To observe cross sections, the samples were cut and fixed on epoxy resin. Then, the cross sections were polished using a grinder (Rotopol-11, Struers, DNK) and sandpapers #220, #500, #1200, #2400, and #4000 in the order. Their layer formations were examined using a stereoscopic microscope (SMZ800N, Nickon, JPN). After they were examined with the stereoscopic microscope, their surfaces were coated with gold and examined for the clay materials through secondary electron images from a scanning electron microscope (FlexSEM 1000, Horiba, JPN).

The Seoul Center of the Korea Basic Science Institute (KBSI) analyzed the clay materials using an X-ray fluorescence spectrometer (PHILIPS PW 2404, Philips, NLD). Contaminated surfaces of the samples were washed off with distilled water, and parts of the samples were collected and dried at 105°C for over 24 h. Samples were dried, powdered with a mortar, completely dried in glass vials at 105°C for over 24 h, and examined using X-ray fluorescence spectrometer for their main elements. KBSI analyzed trace elements of the clay materials using an inductively coupled plasma (ICP) system. Some samples were collected from the inside that was not contaminated and powdered. KBSI conducted principal component analysis (PCA) with an ICP-atomic emission spectrometer (ICP-AES) and trace elements and rare earth elements analysis with an ICP-mass spectrometer (ICP-MS), after pretreating the samples using the acid hydrolysis method. To identify minerals in the samples, their crystal structures were analyzed using X-ray diffractometer (Miniflex600, Rigaku, JPN). Parts of the samples were collected, powdered with a mortar, and dried in glass vials at 105°C for over 24 h. Powder samples were analyzed in sample holders. The analysis was performed at 40 kV, 15 mA, 5°-80°, and 2°/1 min on a spinner stage.

3. ANALYSIS RESULTS

3.1. Physical characteristics

3.1.1. Chromaticity

Chromaticity is a physical property that is very useful to investigate firing conditions, including firing temperature, firing time, and firing atmosphere of an oxidation–reduction reaction, and to understand characteristics of materials. The chromaticity of the back surfaces of the roof tiles was measured and illustrated in the CIE LAB color space.

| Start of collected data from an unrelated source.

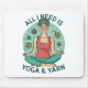 Die Phrase "Frauen meditieren mit Garnen, alles was ich brauche ist Yoga und Garn" legt nahe, dass die Frau sowohl Yoga als auch Garnkunst als wichtige Aspekte ihres Lebens findet. Durch die Kombination der beiden Aktivitäten schafft sie Entspannung, Achtsamkeit und Kreativität. Dieser Satz unterstreicht die Vorstellung, dass Freude und Zufriedenheit so einfach sein können, wie die Aktivitäten zu verfolgen, die uns das meiste Glück und Frieden bringen, sei es Yoga, Garnverarbeitung oder alles andere, was zu unseren Soulen spricht. Sowohl Yoga als auch Garn können Einzelaktivitäten sein, die Selbstbeobachtung und Selbstreflexion ermöglichen und sie zu einem natürlichen Paar für diejenigen machen, die einen friedlichen und erfüllenden Lebensstil anstreben.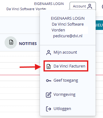 Je kan de facturen van onze software vinden door te rechtsbovenin op 'Account' te klikken.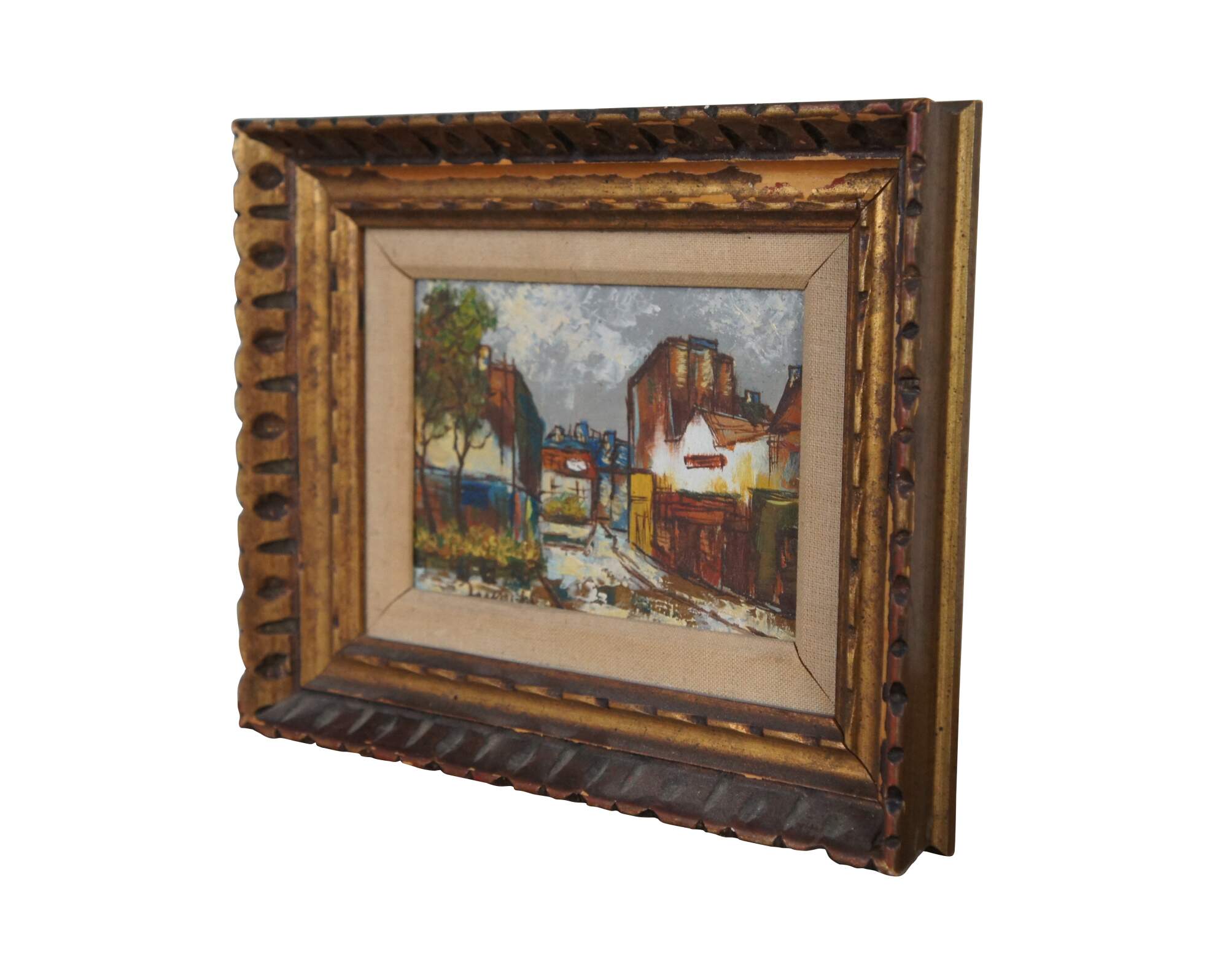 Vintage impressionist cityscape oil painting on board showing a semi-abstracted, brightly colored industrial city street. Obscured signature along lower edge. Carved giltwood frame; beige linen mat.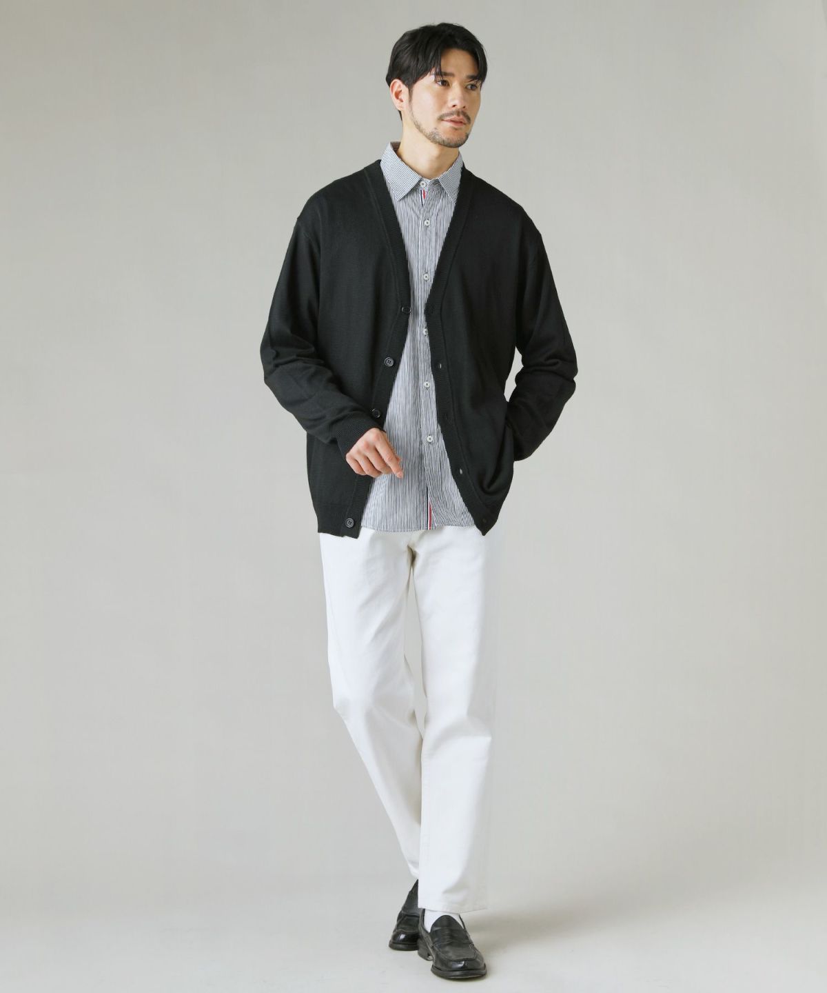 襟はキレイめにもカジュアルテイストにも合わせやすい、スタンダードなレギュラーカラーを採用しました。ボタンを開けたときに見える下前立ての配色ラインが、着こなしにお洒落なアクセントを添えます。ボタンにはブルーやグレーの付け糸を使用しており、細部にまでこだわったデザイン性が魅力です。さらに、前後差のある着丈がコーディネートに程よく抜け感をプラス。細身すぎない、ややゆとりを持たせたレギュラーシルエットで一枚着としてもインナーとしても使いやすいサイズ感となっております。

The chromaticity analysis shows the overall lightness (L*) of 25∼55, with a* values of −2∼6 and b* values of 0∼15 (Figure 2). Joseon roof tiles have a wider range of chromaticity than modern roof tiles, which have concentrated chromaticity values. This may be because it was more difficult to adjust the temperature gradient in kilns in the Joseon Dynasty than modern ones, and different factors, such as arrangement and shapes of roof tiles, may have caused differences in colors. However, the Joseon roof tiles used in the analysis were used ones with contamination traces of calcification or soils and exposed to external environments for a significant period of time, so it should be considered that the color might have changed from the time of manufacture. Modern roof tiles were fired in the same kiln, hardly giving any differences in colors. However, they have a wide range of chromaticity, which may be attributed to the metallic phototropic properties visible even to the naked eyes, showing themselves on the sample surfaces with different lightness values.

Figure 2.

Color coordinates of roof tiles.

3.1.2. Specific gravity

Bulk specific gravity, apparent porosity, and water absorption of Joseon and modern roof tiles were measured (Figures 35). The average bulk specific gravity of Joseon roof tiles is 1.74, which is a bit lower than but similar to the average of modern roof tiles, which is 1.97. The average apparent porosity of Joseon roof tiles is 43.65 and the water absorption is 17.56, which are higher than 35.01 and 12.96, respectively, of modern roof tiles. The Standard Specification of Properties requires the water absorption of Korean traditional roof tiles to be 16% or lower (Cultural Heritage Administration, 2020). Among the roof tiles analyzed, the water absorption of the modern roof tiles is 16% or lower on average, while most of the Joseon roof tiles show a water absorption of 16% or higher. However, it should be noted that the properties of Joseon roof tiles have changed compared to the time of manufacture due to exposure to external climates for a significant period of time. As roof tiles deteriorate, the density and bulk specific gravity decreases, and more air bubbles increase porosity and water absorption. Therefore, the Joseon and modern roof tiles cannot be directly compared via specific gravity and water absorption, because the former deteriorated and the latter has been recently manufactured. Compared to modern roof tiles, the Joseon roof tiles have a higher water absorption, and tiny convex roof tiles have an apparent porosity and water absorption similar to those of modern handmade roof tiles, even though they are old roof tiles. Also, only the inner parts were measured after the outer surfaces were removed, and thus, the value is assumed to be similar to the actual initial water absorption.

Figure 3.

Graph of bulk specific gravity.

Figure 4.

Graph of apparent porosity.

Figure 5.

Graph of water absorption.

3.2. Cross-sectional observation

Cross-sectional observation shows that the roof tiles from the storage of the Changdeokgung can be classified into red-yellow, gray-blue, and gray families, each with different characteristics (Figure 6). Seooreung roof tiles have a variety of clay colors such as gray, yellow, purple, and green-gray, and lower lightness in general than Changdeokgung ones, giving darker colors. Most of the time, large roof-end tiles show gray and yellow clay materials, DAK uneven gray and some yellow, DSM and SSM somewhat similar gray, and TSK darker black-gray clay materials.

Figure 6.

Microstructure images of Joseon roof tiles and Modern roof tiles observed by optical microscope.

Figure 7.

Microstructure images of Joseon roof tiles and Modern roof tiles observed by scanning electron microscope.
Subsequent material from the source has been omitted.